Disidentification is meant to be descriptive of the survival strategies the minority subject practices in order to negotiate a phobic majoritarian public sphere that continuously elides or punishes the existence of subjects who do not conform to the phantasm of normative citizenship.1

Frottage captures the aesthetic (as a term of artistic practice) and the libidinal (as a term of sex practice), and so gestures to the creative ways that the sexual can be used to imagine and create worlds.2

In recent years, trans people and trans politics have reached new heights of visibility in queer and sexual minority politics and culture. Not unlike many other sexual minority political concerns, most comparatively that of gay and lesbian politics, trans politics has been built around the idea of visibility and “coming out.” In fact, too often, common understandings of trans people position them as merely an extension of gay and lesbian people. While it is important to recognize that trans people have long been members of the gay and lesbian community, in recent years trans people have also asserted their differences from gay and lesbian people (I will discuss this further below). The assertion is important because it allows us to not merely see trans people as queer people, but it allows us to more fully come to terms with the ways in which trans people confound both gender and sex and, therefore, pushes us to consider the ways in which those social categories organize our lives and what might be possible once we uncouple gender from sexuality. 

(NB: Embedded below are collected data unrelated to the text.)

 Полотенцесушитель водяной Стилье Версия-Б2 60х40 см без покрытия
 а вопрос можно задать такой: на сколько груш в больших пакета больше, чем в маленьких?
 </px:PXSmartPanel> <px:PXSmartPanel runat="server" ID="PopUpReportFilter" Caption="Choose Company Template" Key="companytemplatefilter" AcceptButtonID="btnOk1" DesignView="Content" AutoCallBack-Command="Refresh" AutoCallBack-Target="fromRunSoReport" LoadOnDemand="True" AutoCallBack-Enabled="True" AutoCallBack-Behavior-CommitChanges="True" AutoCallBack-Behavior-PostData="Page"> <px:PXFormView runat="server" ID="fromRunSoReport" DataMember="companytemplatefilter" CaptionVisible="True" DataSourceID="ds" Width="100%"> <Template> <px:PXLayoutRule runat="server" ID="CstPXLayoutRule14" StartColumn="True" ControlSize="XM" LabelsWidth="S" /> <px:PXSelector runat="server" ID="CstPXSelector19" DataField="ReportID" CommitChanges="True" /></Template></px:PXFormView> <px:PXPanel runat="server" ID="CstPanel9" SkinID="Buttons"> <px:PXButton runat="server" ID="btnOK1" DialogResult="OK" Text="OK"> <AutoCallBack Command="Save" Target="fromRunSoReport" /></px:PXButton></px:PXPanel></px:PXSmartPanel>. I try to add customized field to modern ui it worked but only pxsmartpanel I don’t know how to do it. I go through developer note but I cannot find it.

In the context of visibility, non-binary and trans people in the beginning of the twenty-first century are far more visible than ever before. A couple of years ago, when Cher and Sonny Bono’s child Chastity Bono transitioned to Chaz Bono, the visibility of trans people reached heights not seen before. However, it is important to note that in the history of trans people, bursts of large-scale attention have continually characterized their presence as “others.” One might argue that Jerry Springer’s sensationalist and often disturbing talk show has done as much to bring trans peoples’ visibility to communities beyond queer communities as anyone else. However, the most famous trans person before Chaz Bono was arguably Christine Jorgensen. Jorgensen is reputed to be the first North American to have gender-affirming surgery. Jorgensen’s story made her an extremely well-known public figure in the 1950s and 1960s in the USA. Jorgensen’s surgery and hormone treatments took place in Denmark. Apparently, what was new about Jorgensen’s gender affirmation was the use of hormones. Indeed, hormone treatments have become central to trans people’s desires to affirm their gender. Joanne Meyerowitz in How Sex Changed: A History of Transsexualism in the United States chronicles Jorgensen’s life alongside the ways in which ideas about sex and gender change in the context of Jorgensen’s celebrity.3 One of the major contributions of Meyerowitz’s book is her demonstration of how a category like biological sex becomes mutable or changeable in the context of transsexualism. 

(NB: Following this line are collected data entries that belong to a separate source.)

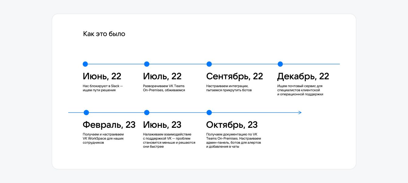 В пятницу Slack неожиданно удалил наше рабочее пространство. О блокировке нас предупредили формально: менеджер прислал одно письмо на почту, которое затерялось среди множества других. Нужно было срочно найти корпоративный мессенджер, быстро развернуть его и продолжать работать в привычном темпе. С VK Teams мы были знакомы давно, поэтому решение переехать приняли одним днем.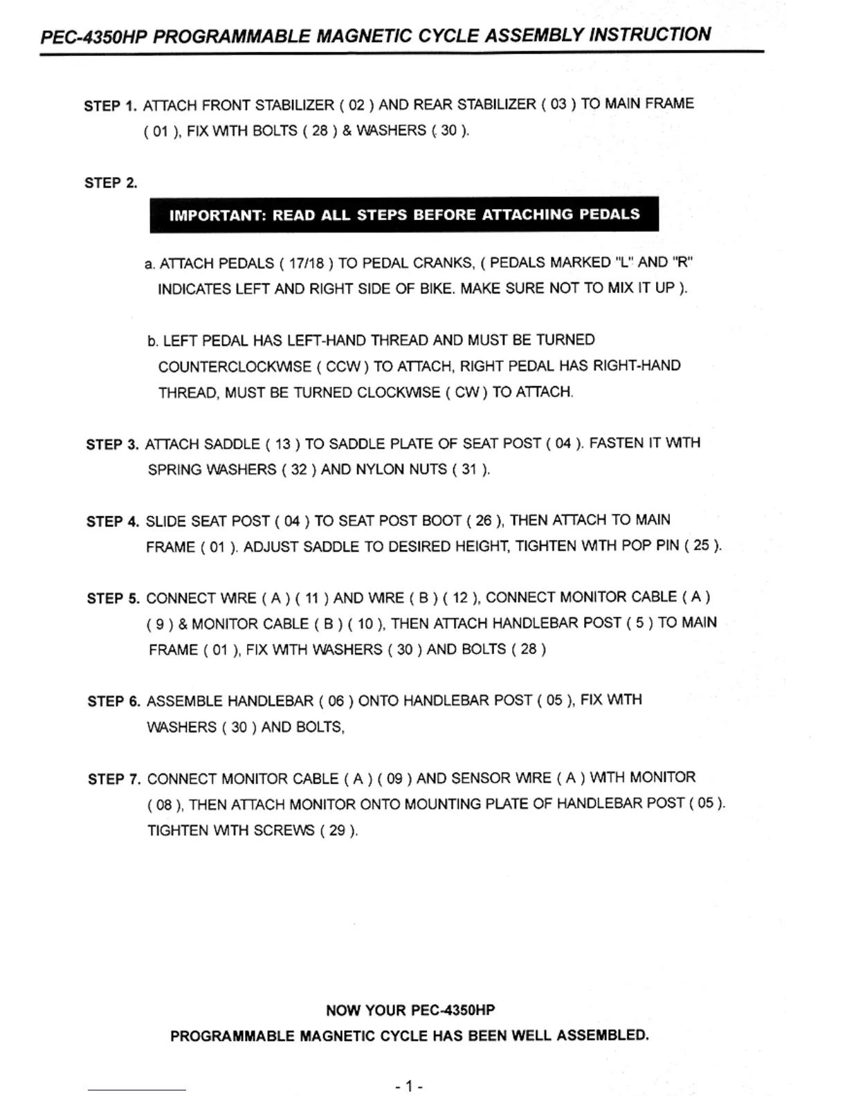 Proteus PEC-4350HP - Programmable Magnetic Cycle Assembly; Step 1: Attach Stabilizers; Step 2: Attach Pedals; Step 3: Attach Saddle and Seat Post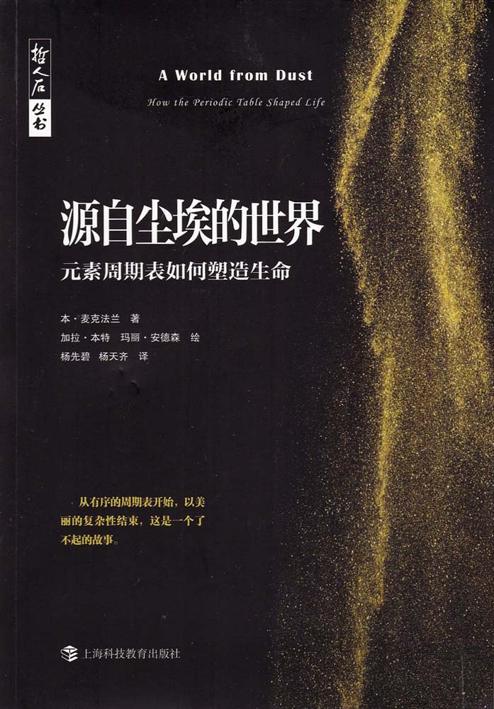 本·麦克法兰在《源自尘埃的世界》中追溯了数十亿年的进化史,以元素的数学作为开头,以人类的发展作为结尾。在这个故事中,元素周期表可以帮助我们看到新事物。世界就像是建立在地质学基础上的舞台。流水不断浸蚀山脉中的岩石,将矿物质转移进化学,并为远古生命提供化学护盾。在这种环境下,一系列化学规则不断提升生物的复杂性。随着细胞构成生物和生态系统,五颜六色的分子捕获了太阳的能量,并释放氧气。氧气是一个关键因素,它改变了世界,并使元素周期表中的一些元素按照可预测的顺序不断被生命利用。这些事件在版画家加拉·本特和医学插画家玛丽·安德森创作的40幅原创插图中得以生动体现。
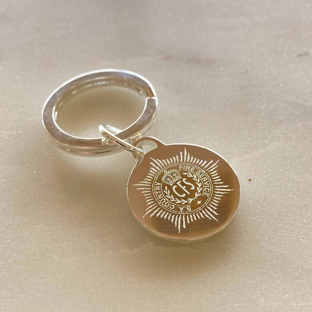 Disc is 25mm diameter x 2mm thick, with 30mm sterling silver split ring for keys.

So, what is trans? Transgender means a person whose gender identity is different from the sex they are assigned at birth. Transgender people can sometimes alter their bodies to reflect their sex through hormones, surgical procedures, or cosmetic practices. The altering of the body can take many forms, from full to partial “re-making,” often referred to as transitioning. Over the years, many different terms have come to characterize trans people. Many of the terms misunderstand what was and is at stake for trans people. For example, terms like Transvestite, Drag Queen, and Crossdresser have often been used to describe trans people. However, while some trans people might make use of those cultural forms or practices as a route to transitioning, it should not be assumed that those forms are the same as being transgender. 

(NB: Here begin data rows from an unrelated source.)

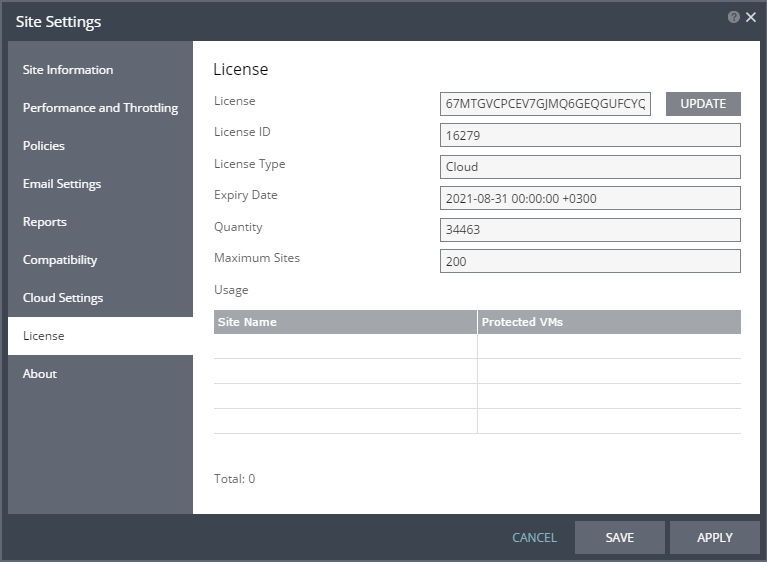 ■ Usage – The sites using the license and number of protected virtual machines in each site. The number of virtual machines is independent of whether they are in vApps or not.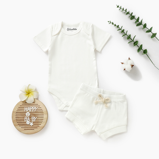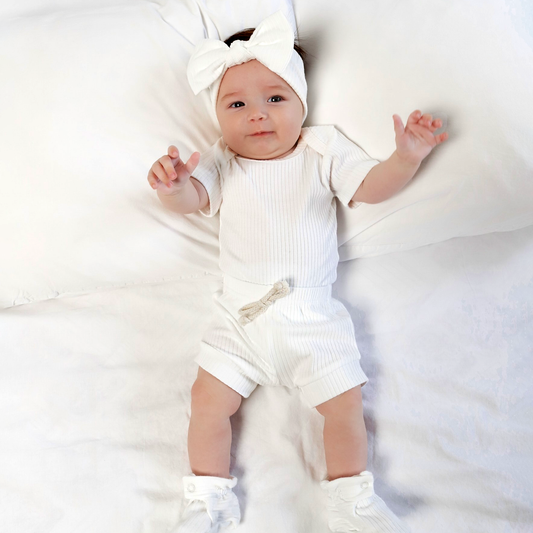 25%- Organicסט בגד גוף ומכנס קצר מכותנה אורגנית Snow
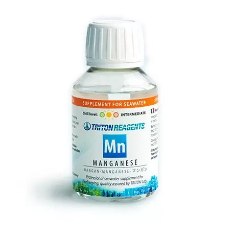 - Suplemento de agua de mar de oligoelementos de manganeso. Beneficioso para los procesos enzimáticos en acuarios de arrecife. Puede promover la coloración en corales SPS / LPS.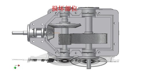 第二部分:減速機損壞維修以及后期防護。本公司四個鎖風(fēng)閥的減速機都采用弗蘭德的垂直軸減速機,在鎖風(fēng)閥承受較大力矩的時候,減速機內(nèi)部各級齒輪也相應(yīng)的承受較大的力,同時由于該種減速機二級傳動軸兩側(cè)采用推力調(diào)心滾子軸承,而且軸承端蓋沒有進行螺栓緊固,只是做了密封處理,因此在承受較大力時,也就是在鎖風(fēng)閥卡停的情況下會經(jīng)常出現(xiàn)將兩側(cè)軸承端蓋頂開的情況,浪費潤滑油,增加生產(chǎn)風(fēng)險(如圖三)。

The debates concerning transsexualism complicate definitions of transgender. Transsexualism was seen to be a much more limited relationship to gender identity. Specifically, it referred to persons who sought to change their gender to align with their sex. Indeed, transsexual is the term often used in the medical literature and by medical professionals to treat people who are understood to be suffering from gender dysphoria or gender identity disorder. Scholars and activists like Susan Stryker understand transsexualism as a component of transgender.4 In Stryker’s view, transgender refers “to the widest imaginable range of gender-variant practices and identities”.5 I too will use non-binary transgender as a way to make sense of how and why I’m focused on Maroodi, a non-binary, trans, and queer Somali. A trans individual is a person born as male or female who might make a range of different interventions in and on the body to align their gender and sex. Maroodi is a Somali non-binary trans person who does not identify with any category of gender, and lives and identifies in various ways both in real life and on their social media platforms. 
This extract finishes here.